For this task, copy all of the data below exactly and skip the pictures.

Source data below:

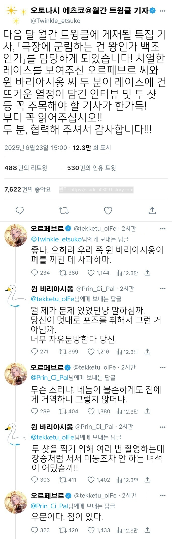 | 【우마무스메 Twitter풍】 하이드라의 장난감 상자입니다. 이번에는 마시멜로를 받았으므로. 오토나시 씨, 우리 쪽에선 출연할 때마다 피해를 받는 느낌이 든단 말이지. 그리고 점점 시옹과 오르페를 대하는 태도가 삐뚤어져가는 것 같아 ㅋㅋㅋ 그러면 부디 「담당했더니 의자를 하게 된 사건」 - ハイドラの玩具箱, 2025년 06월 25일 게재 - 출처: https://x.com/hydelanderbox/status/1937752618312290388 |
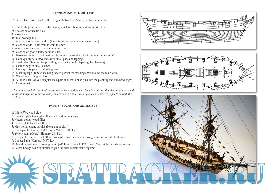 Year: 2023 Language: English Author: Watton C. Genre: Manual Publisher: VANGUAD MODELS ISBN: 978-0-7475-8545-9, 1-84415-301-0, 0-85177-971-9, 184832202X, 0851776175 Format: PDF Quality: eBook Pages count: 61 Description: The Speedy was ordered on 2nd June 1781 and built by Thomas King, a private shipyard owner based in Dover and launched on 29th June 1782. She moved to Deptford, Kent, to be fitted-out and have her hull covered with copper plates between 16 July and 25 October 1782. At her completion she had cost £4,200 7s 3d to build. She had a sister, Flirt, built at the same time in the same shipyard, but it was the Speedy that gained a reputation that far exceeded that of her diminutive size. The Flirt/Speedy class of brig-sloops were the second class built to the new flush decked brig-sloop designs, the first being the Childers class of 1779 (Childers was in the very first action that led to the long war with France from 1793-1815, after being fired upon on 2nd January 1793 from a French battery based in Brest, a cannon ball from the battery being taken to the Admiralty in London). Both the Childers and Speedy class were almost identical, and it would be difficult to tell the differences. Both were around the same dimensions, mast plans and armament and crew compliment. They also shared the same very graceful lines, more cutter-like than brig. These early flush decked brig-sloops had a graceful sheer and steeply raked stern, unlike the later Cruiser and Cherokee classes.
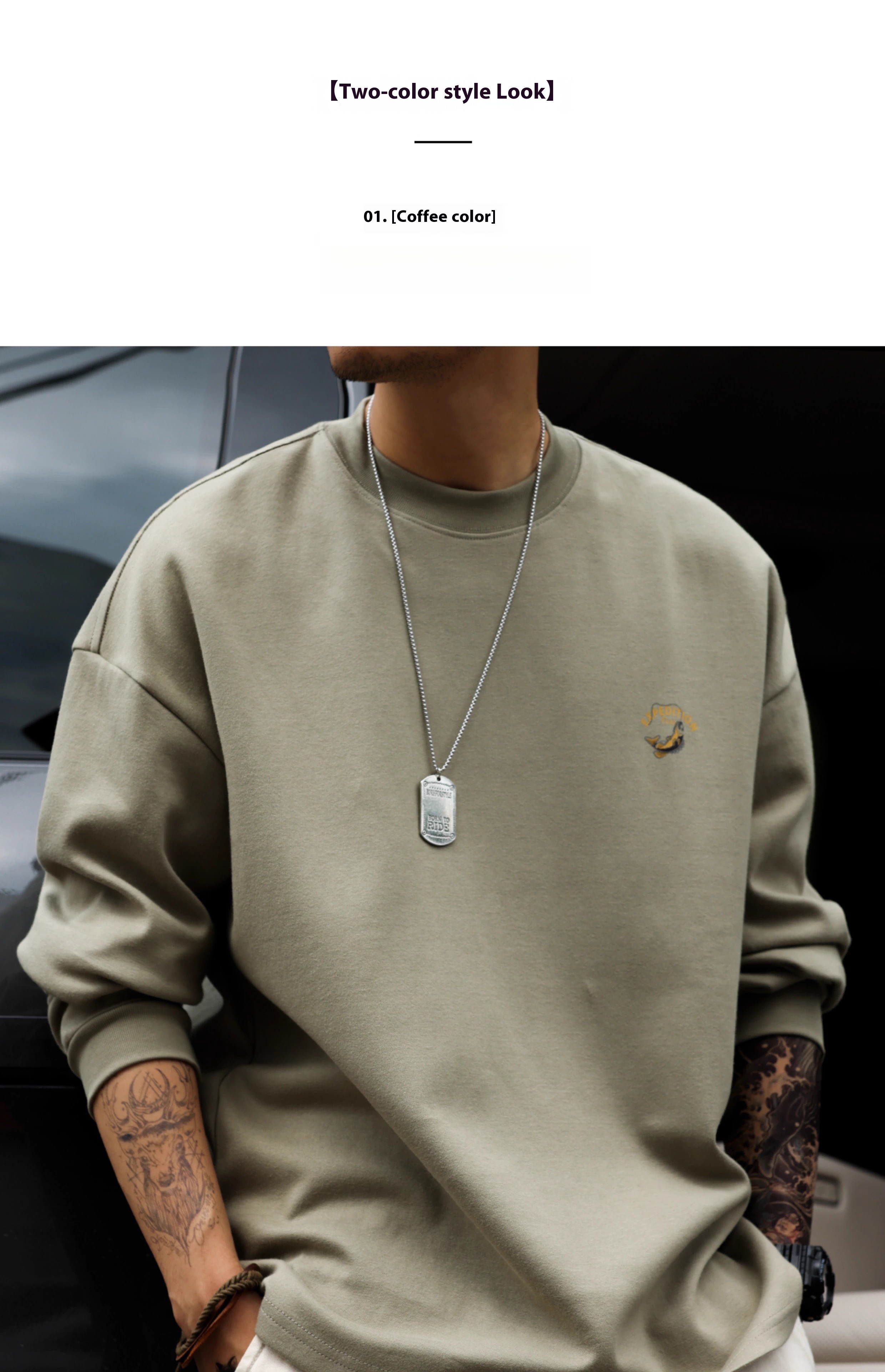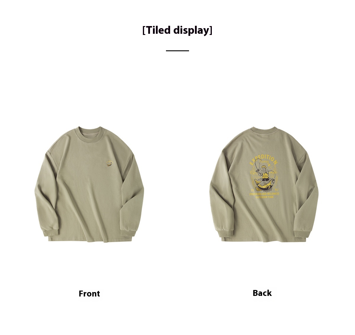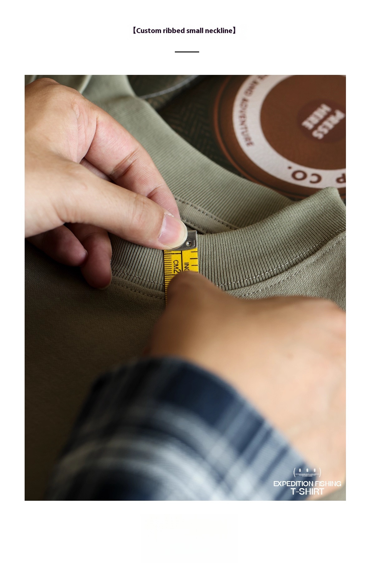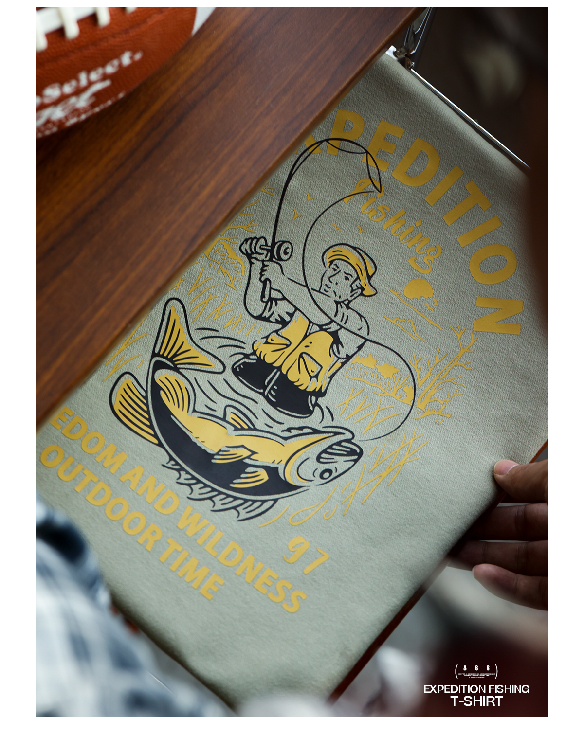 American Retro 300g Cotton Men's Small Collar Fishing Print Gray Green Long Sleeved T-Shirt

End of Source data.

Output below:
 | 【우마무스메 Twitter풍】 하이드라의 장난감 상자입니다. 이번에는 마시멜로를 받았으므로. 오토나시 씨, 우리 쪽에선 출연할 때마다 피해를 받는 느낌이 든단 말이지. 그리고 점점 시옹과 오르페를 대하는 태도가 삐뚤어져가는 것 같아 ㅋㅋㅋ 그러면 부디 「담당했더니 의자를 하게 된 사건」 - ハイドラの玩具箱, 2025년 06월 25일 게재 - 출처: https://x.com/hydelanderbox/status/1937752618312290388 |
 Year: 2023 Language: English Author: Watton C. Genre: Manual Publisher: VANGUAD MODELS ISBN: 978-0-7475-8545-9, 1-84415-301-0, 0-85177-971-9, 184832202X, 0851776175 Format: PDF Quality: eBook Pages count: 61 Description: The Speedy was ordered on 2nd June 1781 and built by Thomas King, a private shipyard owner based in Dover and launched on 29th June 1782. She moved to Deptford, Kent, to be fitted-out and have her hull covered with copper plates between 16 July and 25 October 1782. At her completion she had cost £4,200 7s 3d to build. She had a sister, Flirt, built at the same time in the same shipyard, but it was the Speedy that gained a reputation that far exceeded that of her diminutive size. The Flirt/Speedy class of brig-sloops were the second class built to the new flush decked brig-sloop designs, the first being the Childers class of 1779 (Childers was in the very first action that led to the long war with France from 1793-1815, after being fired upon on 2nd January 1793 from a French battery based in Brest, a cannon ball from the battery being taken to the Admiralty in London). Both the Childers and Speedy class were almost identical, and it would be difficult to tell the differences. Both were around the same dimensions, mast plans and armament and crew compliment. They also shared the same very graceful lines, more cutter-like than brig. These early flush decked brig-sloops had a graceful sheer and steeply raked stern, unlike the later Cruiser and Cherokee classes.
 American Retro 300g Cotton Men's Small Collar Fishing Print Gray Green Long Sleeved T-Shirt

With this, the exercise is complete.